Why does the code below return 11 with this :- #myarray = ("Rohan");
Explaination i got was :- The expression $scalar x $num_times, on the other hand, returns a string containing $num_times copies of $scalar concatenated together string-wise.
So it should give 10 not 11 ...
code is as below :-
print "test:\n";
#myarray = ("Rohan"); # this returns 11
###myarray = ("Rohan","G"); this returns 22
#myarray2 = (#myarray x 2);
#myarray3 = ((#myarray) x 2); #returns Rohan,Rohan and is correct
print join(",",#myarray2,"\n\n");
print join(",",#myarray3,"\n\n");
What’s happening is that the x operator supplies scalar context not just to its right‐hand operand, but also to its left‐and operand as well — unless the LHO is surrounded by literal parens.

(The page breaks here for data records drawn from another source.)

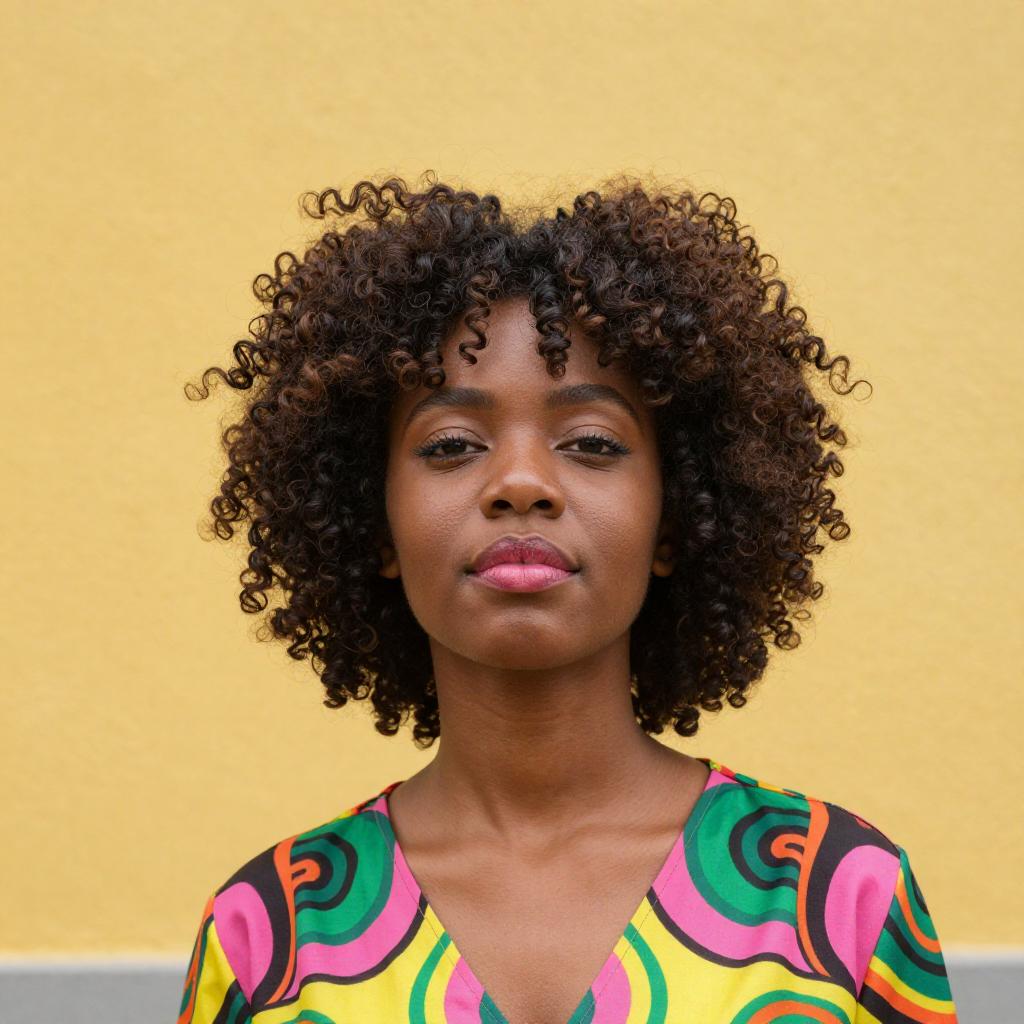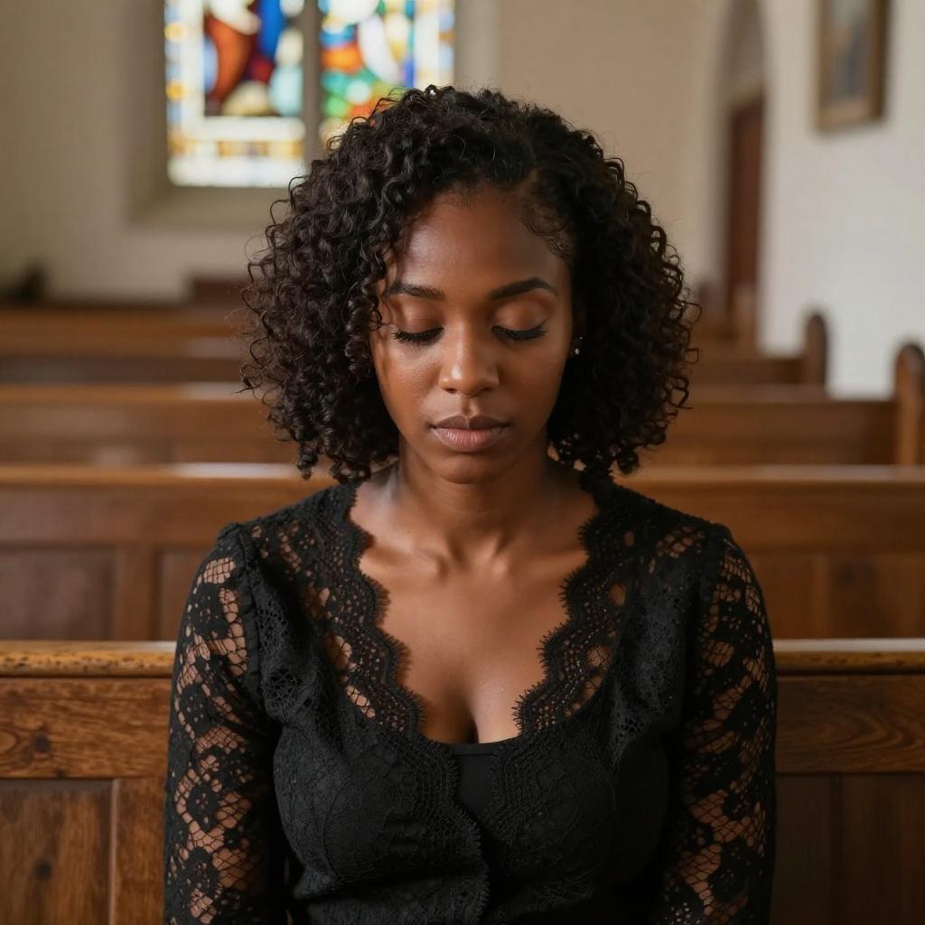 Photograph of a beautiful Black woman with curly hair, wearing a black lace top, sitting in a dimly lit church. She's centered in the frame, looking down with closed eyes. The wooden pews and stained glass windows are in the background, slightly blurred. The lighting is soft and warm, creating a serene atmosphere. The camera angle is eye-level, with a shallow depth of field focusing on her face.
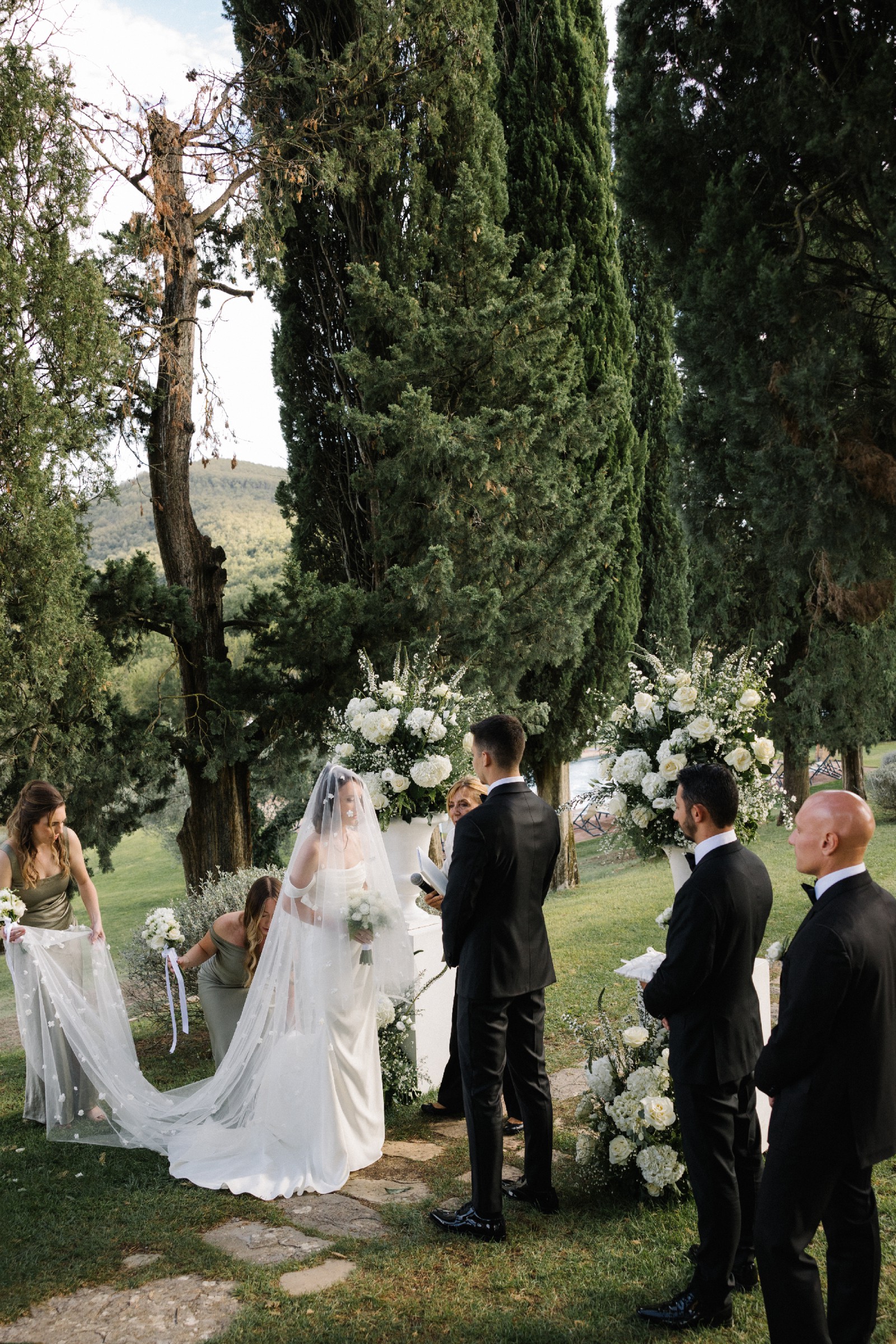 Veil: Custom made from Lamnhi Bridal, included at no additional charge if you'd like. It's cathedral length, two-tier, in soft ivory, with 3d flowers from head-to-toe.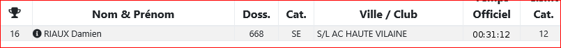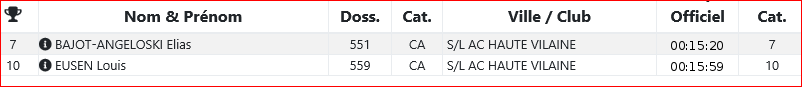 Félicitations à Christian pour son podium de la catégorie M4 et à Tony pour la catégorie M2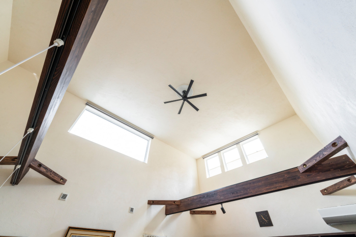 高い天井は広々とした空間を感じさせ、二階建てと同じくらいの高さにある窓からはやさしい採光が届いています。天井に設置されたシーリングファンにより、一年を通して快適な温度になるよう空調の効果を高めてくれます。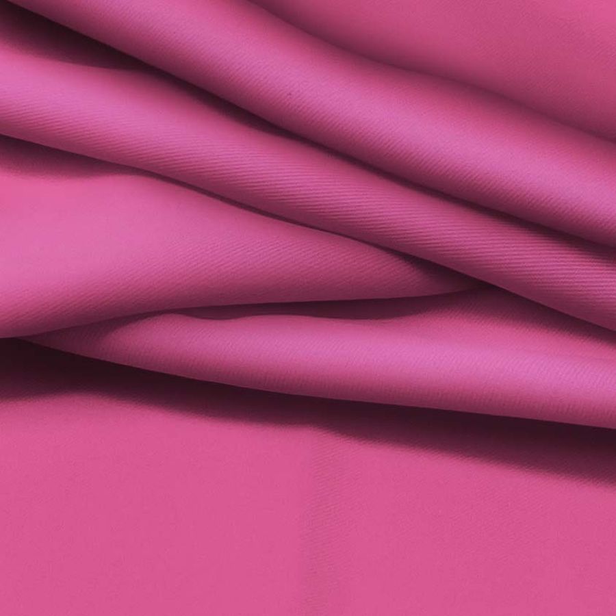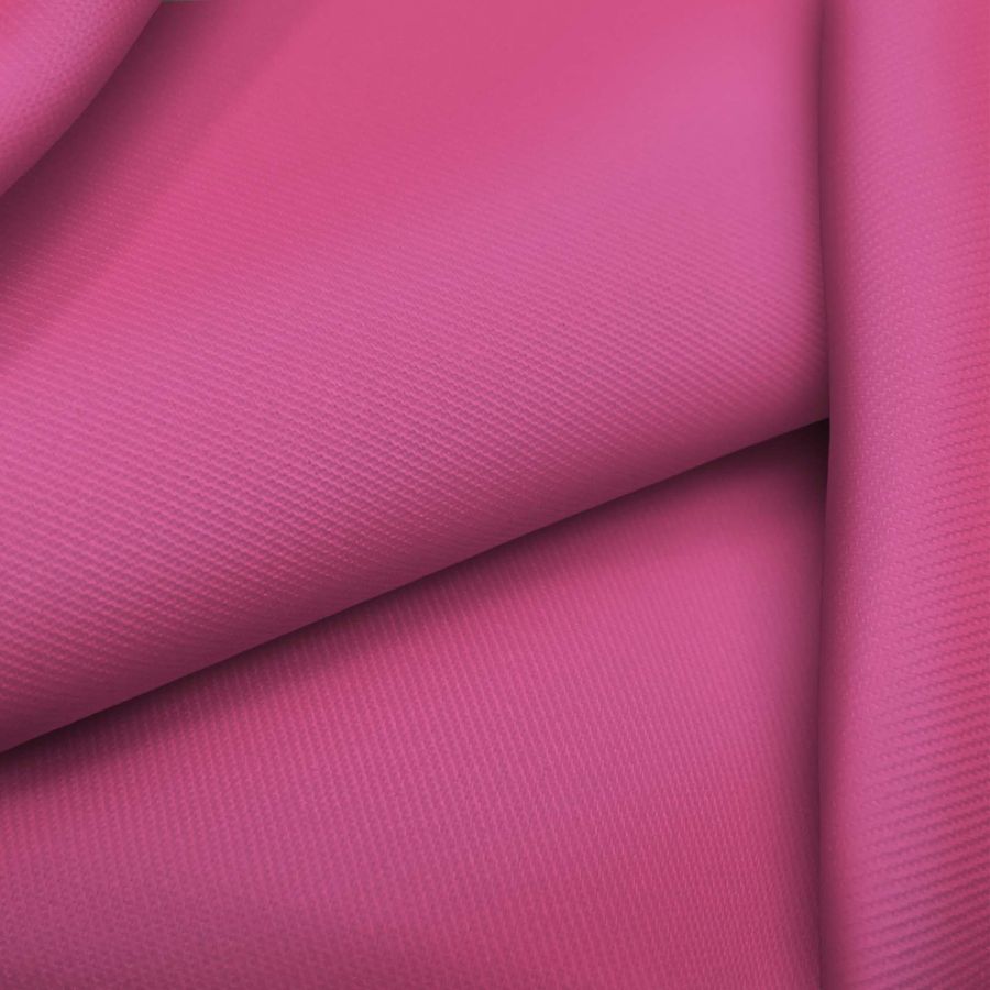 La tela base de este tejido es una sarga de composición 96% poliéster y 4% elastano de 220 gr/m2 con un ancho de 150 cm. El color liso impreso es rosa fandango con una combinación CMYK de 8 80 19 0. Este color secundario, generado a partir de la mezcla de magenta y amarillo, aporta una mezcla vibrante y enérgica que transmite un alto grado de pasión y vitalidad. Además, este color se puede combinar especialmente bien con rojos y naranjas cálidos para crear una estética elegante y dinámica.

This rule is due to backwards compatibility with super‐ancient Perl code from back when Perl didn’t understand having a list as the LHO at all. This might be a v1 vs v2 thing, a v2 vs v3 thing, or maybe v3 vs v4. Can’t quite remember; it was a very long time ago, though. Ancient legacy.
Since an array of N elements in scalar context in N, so in your scenario that makes N == 1 and "1" x 2 eq "11".
Perl is doing exactly what you asked. In the first example, the array is in scalar context and returns its length. this is then concatenated with itself twice. In the second example, you have the array in list context and the x operator repeats the list.